Instructions for the task —
Please print nothing but the lines from the one containing "OPIS: | Szafa" to the final line below, exactly, and no pictures.

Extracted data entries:
____

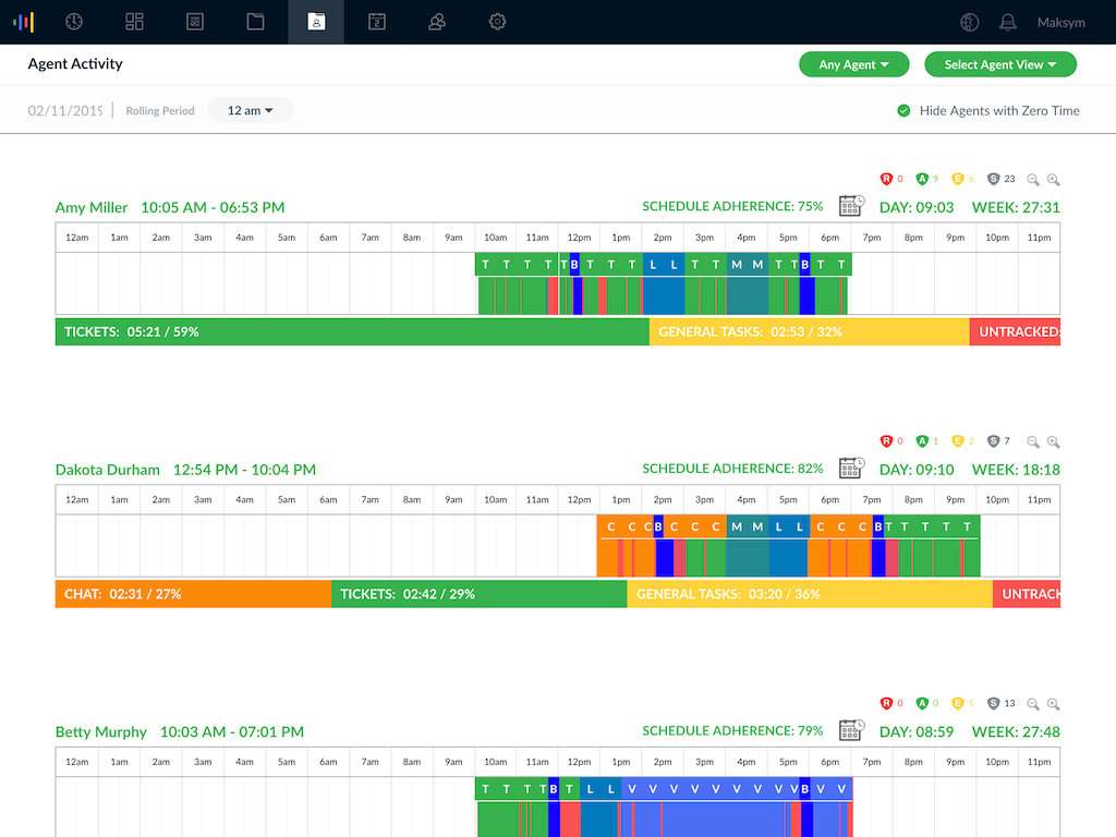 - Schedule adherence: understand how well your agents are adhering to their schedules by overlaying their actual activity vs. expected schedule or via a percentage score.
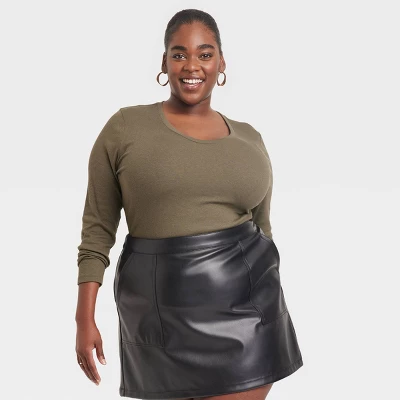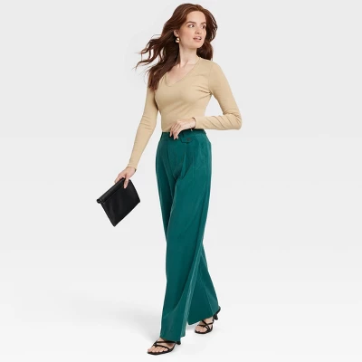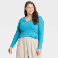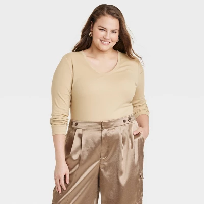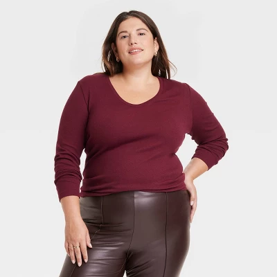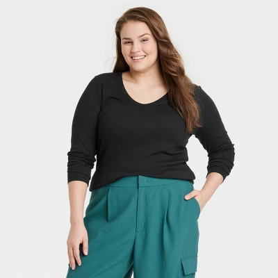 Update your everyday basics with this Long-Sleeve V-Neck T-Shirt from A New Day™. This long-sleeve T-shirt in a solid color features a V-neck, a ribbed construction and a standard fit. The soft, stretchy tee made from cotton-blend fabric offers a comfortable fit, and it’s ideal for layering or wearing on its own. Wear with your choice of bottoms to create a range of versatile styles.
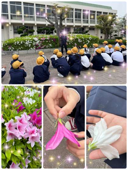 ツツジの観察では、5枚の花びらが元の方でまとまって1つの花となっている「合弁花」であると学び、子どもたちは「へぇ〜」と感心していました。
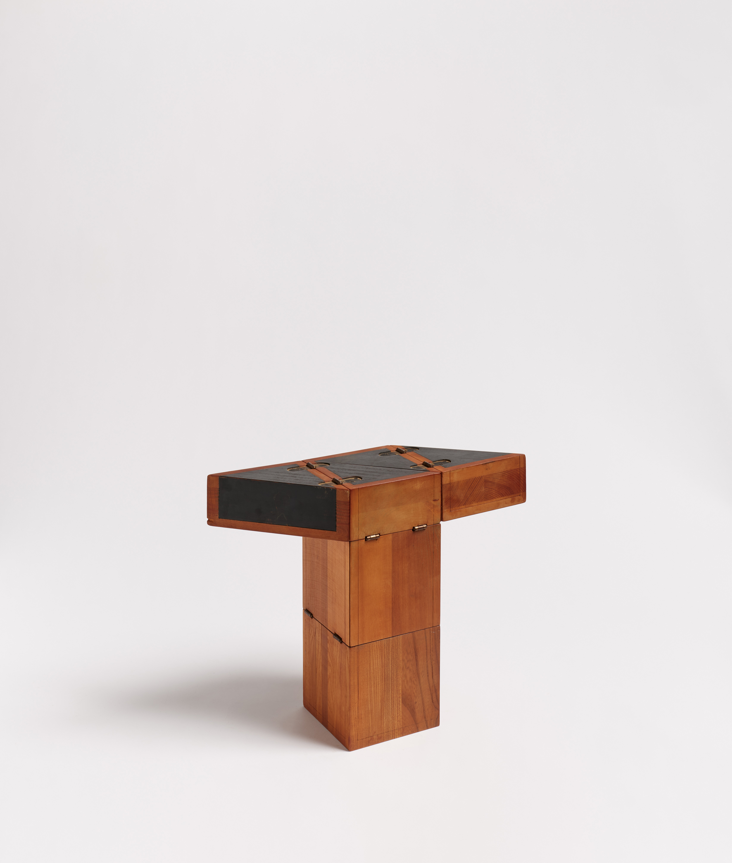Technik: Holz, geölt und schwarz markiert, mit Scharnieren verbunden.
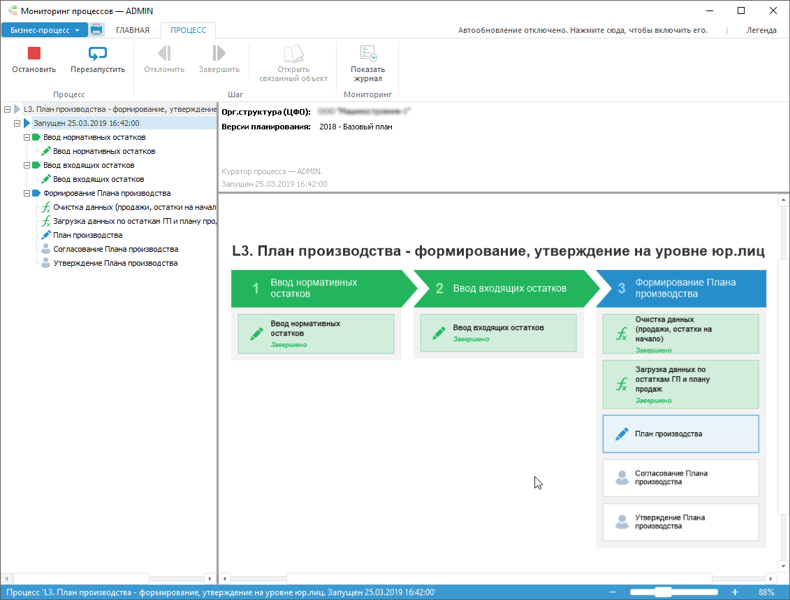 Примечание. Для просмотра цветовой индикации статусов выполнения процесса воспользуйтесь командой «Легенда» главного меню.
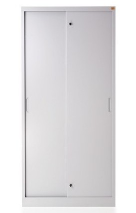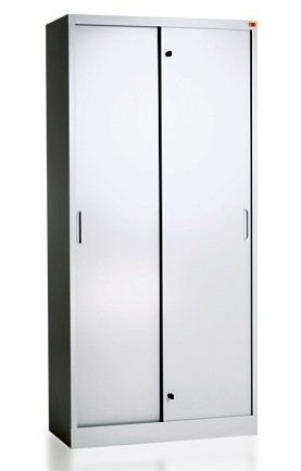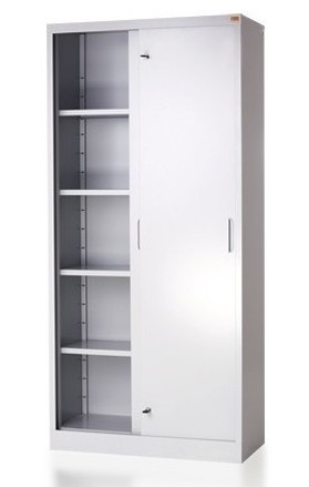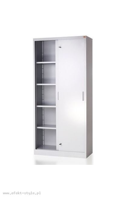 OPIS: | Szafa biurowa wyposażona w system drzwi przesuwnych znajduje szerokie zastosowanie w niewielkich pomieszczeniach, gdzie nie ma miejsca na otwieranie drzwi skrzydłowych. Wyposażona jest w cztery półki przestawne co 90 mm. Wykonana z blachy czarnej o grubości 0.8 mm - 1.5 mm, malowana farbami proszkowymi (epoksydowo-poliestrowymi) w kolorze RAL 7035. Zamykana zamkiem wciskanym - krzywkowym znajdującym się centralnie. Udźwig półki: 50 kg. | |
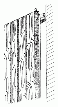 Рис. 34. Монтаж панелей из древесины на деревянные бруски.
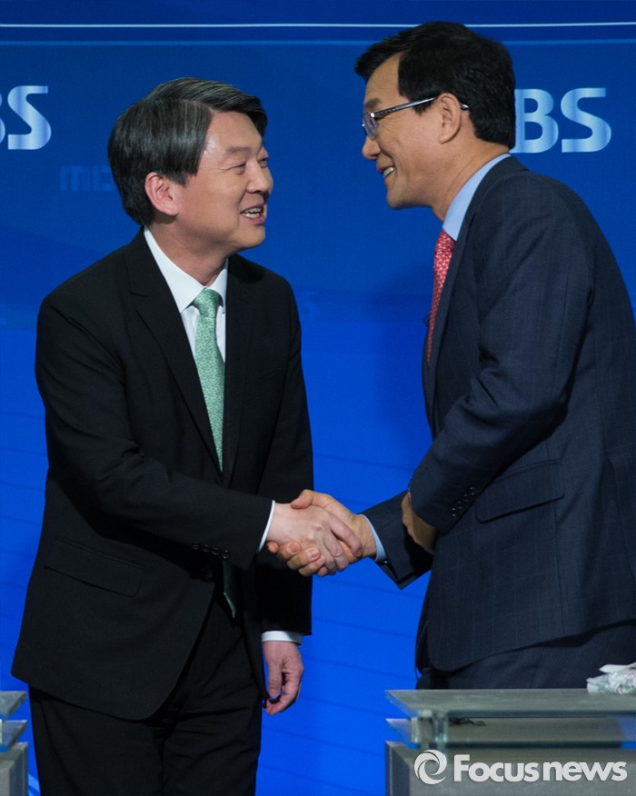 | △ 초청 토론회에서 인사 나누는 안철수 |
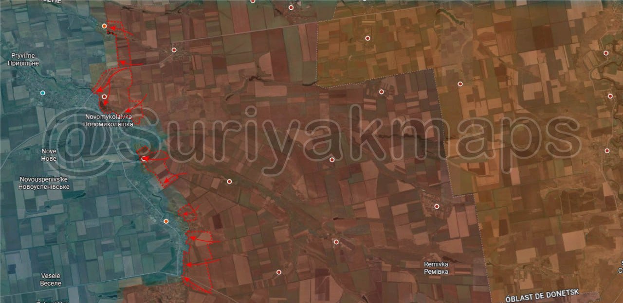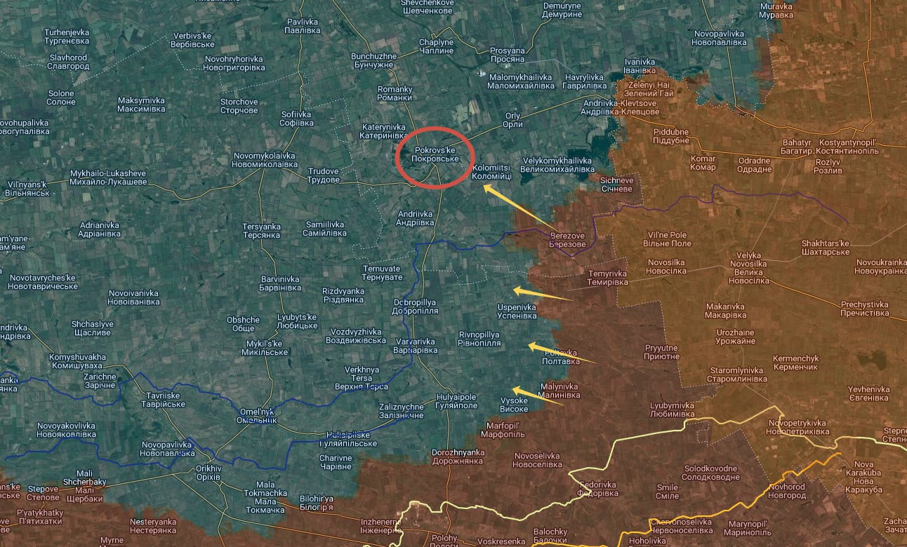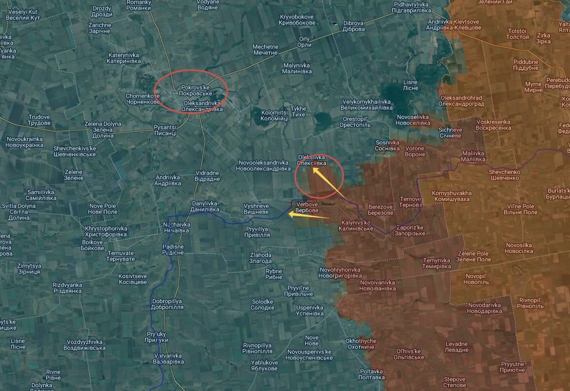 При ближайшем рассмотрении видно, что новый удар из ранее захваченного Вербове направляется прямо в сторону Покровского, что по-русски пишется как Покровское:
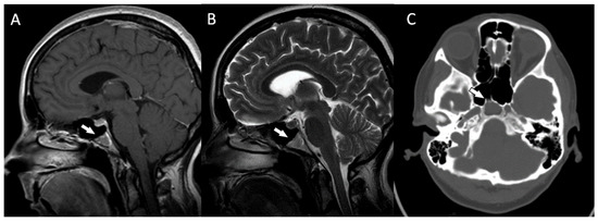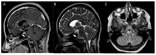 (A,B) The postoperative magnetic resonance T1-weighted and T2-weighted sagittal images and the postoperative magnetic resonance T2-weighted coronal image (C) showing some minimal residual lesions within the clival region (arrows).

____

Exercise response —
 OPIS: | Szafa biurowa wyposażona w system drzwi przesuwnych znajduje szerokie zastosowanie w niewielkich pomieszczeniach, gdzie nie ma miejsca na otwieranie drzwi skrzydłowych. Wyposażona jest w cztery półki przestawne co 90 mm. Wykonana z blachy czarnej o grubości 0.8 mm - 1.5 mm, malowana farbami proszkowymi (epoksydowo-poliestrowymi) w kolorze RAL 7035. Zamykana zamkiem wciskanym - krzywkowym znajdującym się centralnie. Udźwig półki: 50 kg. | |
 Рис. 34. Монтаж панелей из древесины на деревянные бруски.
 | △ 초청 토론회에서 인사 나누는 안철수 |
 При ближайшем рассмотрении видно, что новый удар из ранее захваченного Вербове направляется прямо в сторону Покровского, что по-русски пишется как Покровское:
 (A,B) The postoperative magnetic resonance T1-weighted and T2-weighted sagittal images and the postoperative magnetic resonance T2-weighted coronal image (C) showing some minimal residual lesions within the clival region (arrows).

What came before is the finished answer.